Lion tiles. Just how small can you go?

The initial spark for this layout, intended to be a tile kiln, came from a discussion on the Gnatterbox about the minimum gauge used on industrial prototypes. Somewhere we came to the conclusion that tubs as narrow as about eight inch gauge were used in mines where the seams were vertical, just as very low clearances were used for thin, horizontal seams. I remembered the miniature/9mm combination from West Moors and had to have a go at building one, and a short length of track to go with it.

The track and wagon were crude in the extreme in comparison with others' attempts, but I had fun, and putting the fun back into modelling has turned me from an armchair modeller into a builder once again. I also sparked off ideas in some others.
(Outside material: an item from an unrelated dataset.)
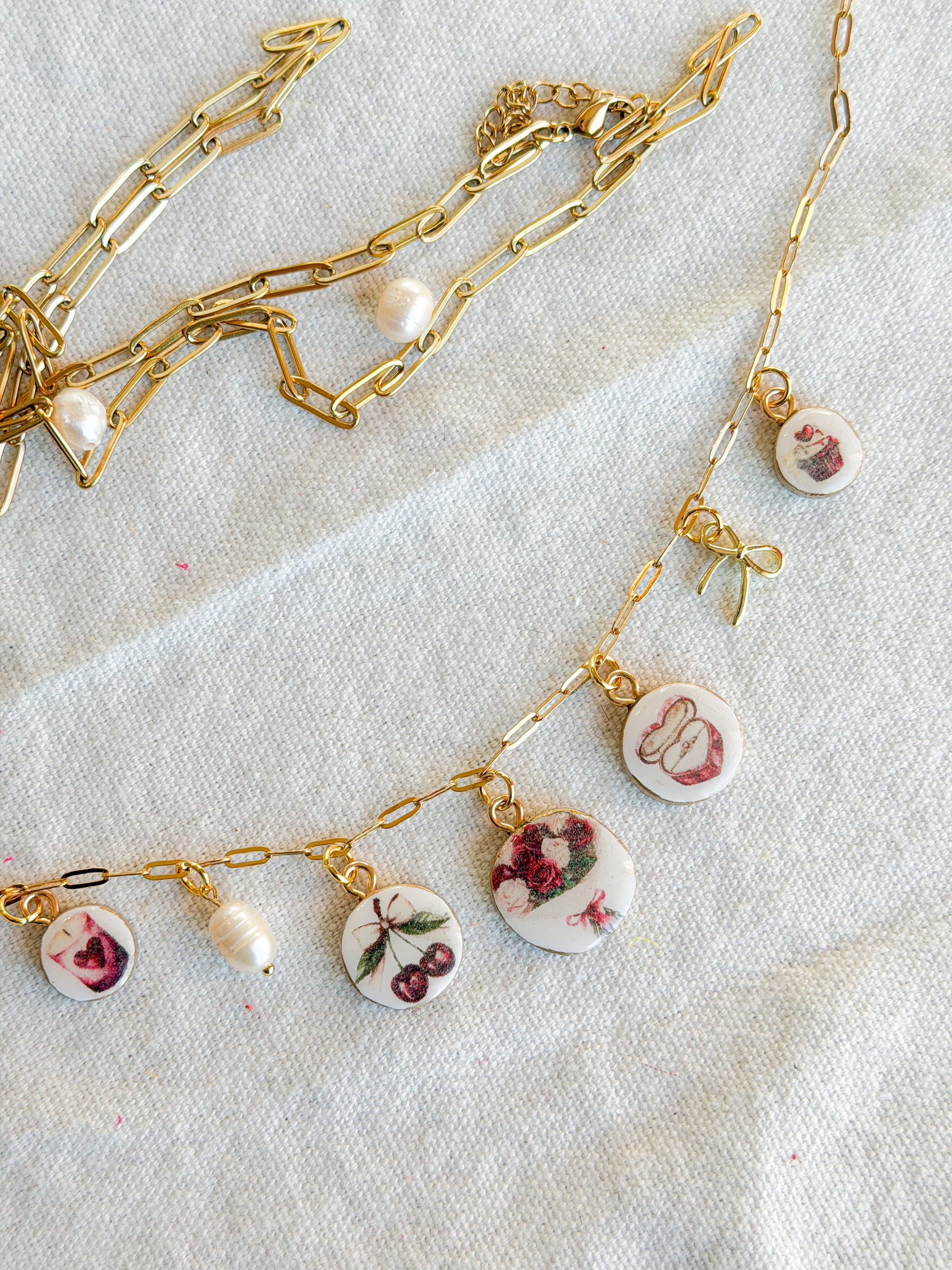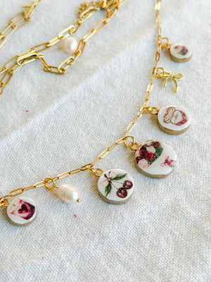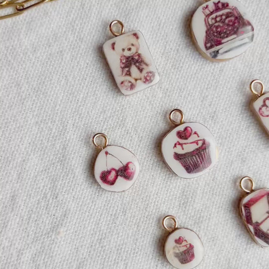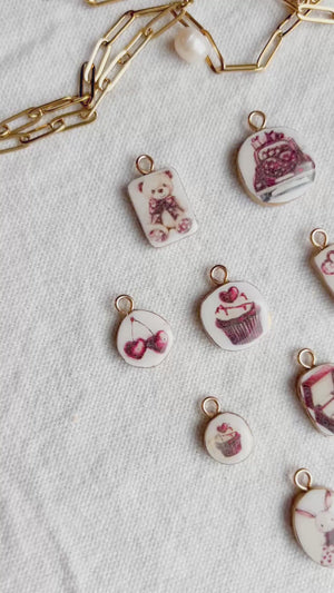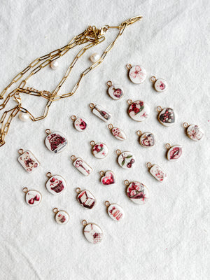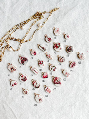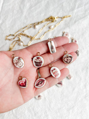 These handmade polymer clay necklace charms capture the romance of vintage florals, sweet treats, love notes, and dreamy Parisian details. Each charm features delicate blush, rose, and berry-toned illustrations reminiscent of café dates, flower markets, and handwritten love letters tucked into a journal. Every charm is individually handcrafted from polymer clay, sealed for durability, and finished with a gold (or silver)-tone loop—perfect for creating necklaces, bracelets, charm bars, or layering into your own custom jewelry designs. No two charms are exactly alike, making each piece feel personal and special.

A couple of people from Gnatterbox, who were building Gn15 workshop layouts, added small sections of 9mm track for materials handling, and I built a model of a pushtruck to show how one might look. It used treadplate surfaced styrene sheet, for which I had developed a fondness.

Then the Gnatterbox discussion turned to traversers and shifted, as it often does, this time to transporter wagons. Out came my copy of Sidney Leleux's "Industrial Narrow Gauge Stock and Trackwork", great for when I need inspiration, and lo and behold, there was a wagon onto which smaller brickworks trucks were loaded, to save handling the bricks. Here was the ultimate way of having a traverser in full view.

The image must have been in my mind later that morning as I walked across town to collect a parcel and found a footpath through the intermodal area of the docks. I watched units being loaded onto flat wagons that ran in tight clearances between platforms providing absolutely level access. Fired up, I returned home and built a tiny transporter wagon using an SL100 underframe from Sidelines and some odds of rail and treadplate styrene sheet left over from the pushtruck. It looked surprisingly good, to my eyes at least, so I mocked up a traverser layout. The idea was a kiln, with three tracks, into which had to be sorted six wagons, two to each track in a specific order. This was a variant of a block-sorting puzzle beloved of my late friend David Pritchard, and I was quite pleased with the versatility of the idea.